O salário do jovem advogado, no Brasil, varia entre R$ 900,00 a 1.300,00 na média. Temos exceções, mas a lógica é essa. Aqui no Distrito Federal, por convenção coletiva, os pedreiros tem assegurado um salário inicial de aproximadamente R$ 1.000,00. Curiosamente, as construtoras pagam bem mais do que isso, pois o mercado da construção civil passa por uma crise de mão-de-obra em função do aquecimento da demanda e explosão dos preços.

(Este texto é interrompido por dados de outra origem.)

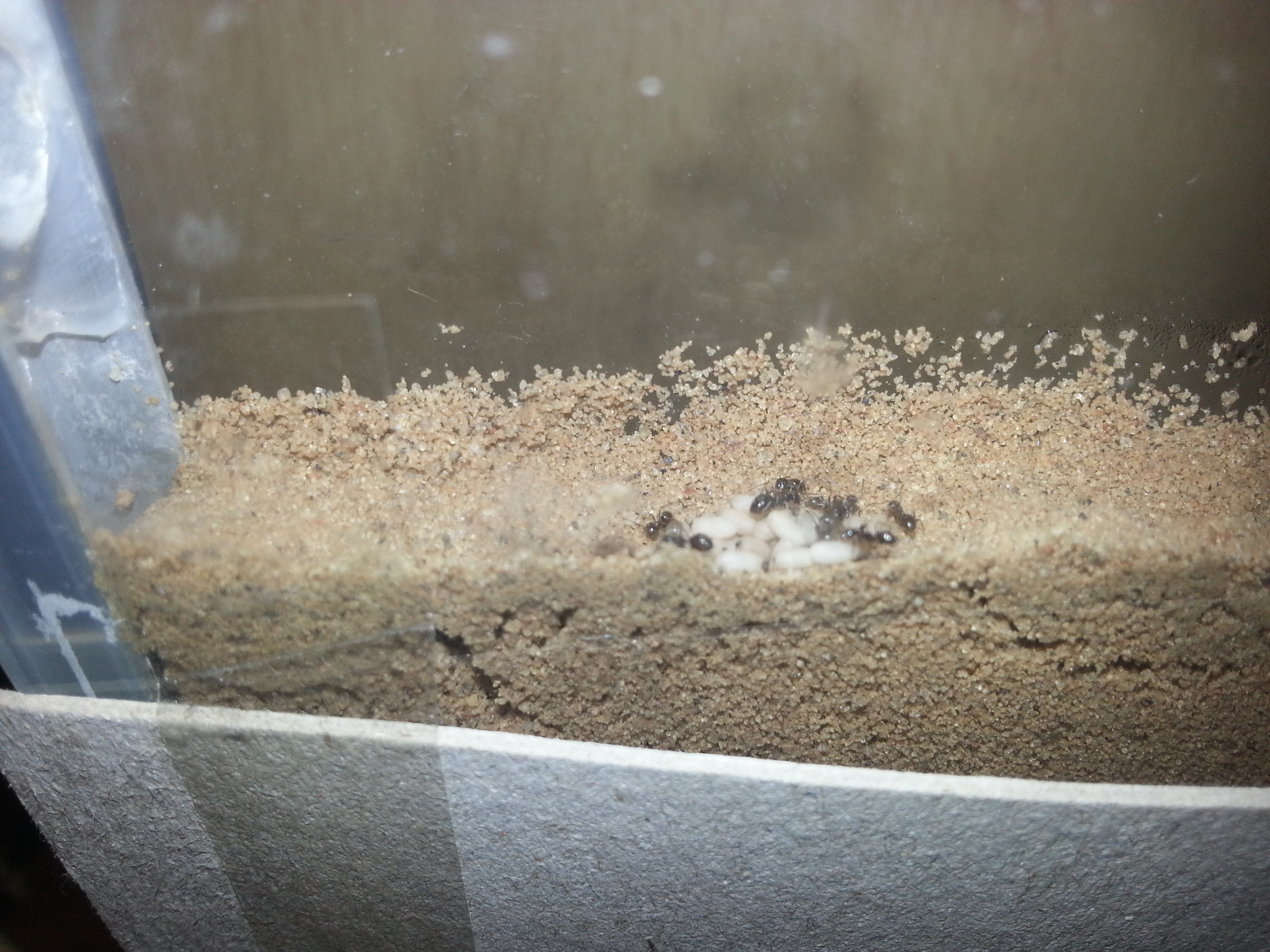 meine Lasius niger (jetzt etwas mehr als zwei Monate in meinem Besitz, gekauft mit ~20 Arbeiterinnen und seit ungefähr 1.5 Monate in die Farm umgezogen) haben ihre Brut (so weit ich das beurteilen kann nur Puppen) außerhalb des Nestes! Zwar immer noch in der Farm, aber nicht, wie vorher, ganz unten beim Granulat, sondern an der Oberfläche.

O salário necessariamente sobe. É a simples lógica da oferta e da procura. O piso dos advogados criado no DF e em outras poucas seccionais decorre do imenso número de jovens advogados, bem acima do número de empregos oferecidos pelos escritórios, jogando o valor dos salários para baixo e obrigando a intervenção estatal. Exatamente o contrário do que ocorre no universo da construção civil.

Em suma: há uma gravíssima distorção no sistema brasileiro, reflexo talvez de uma falta de reflexão dos estudantes e, certamente, da ganância do empresariado.

Na última década o Brasil experimentou uma grande mobilidade social, e o acesso à educação superior se tornou uma espécie de fetiche para as classes emergentes. Ter uma formação, qualquer formação, é um objetivo, e como os processos seletivos foram mediocrizados, o sonho de entrar em uma faculdade de Direito (e ser um doutor) acabou por gerar tamanha oferta e procura das faculdades de Direito.

Como os Estados Unidos são um mercado mais maduro, e em crise, o movimento é oposto.

De toda forma, o preço pago aqui é o da exclusão patrocinada, ao fim, pelo Exame de Ordem. Reflexo do completo descontrole na oferta de vagas na graduação.

E a tendência é do quadro piorar e muito.

Vem aí a graduação à distância. Integralmente à distância.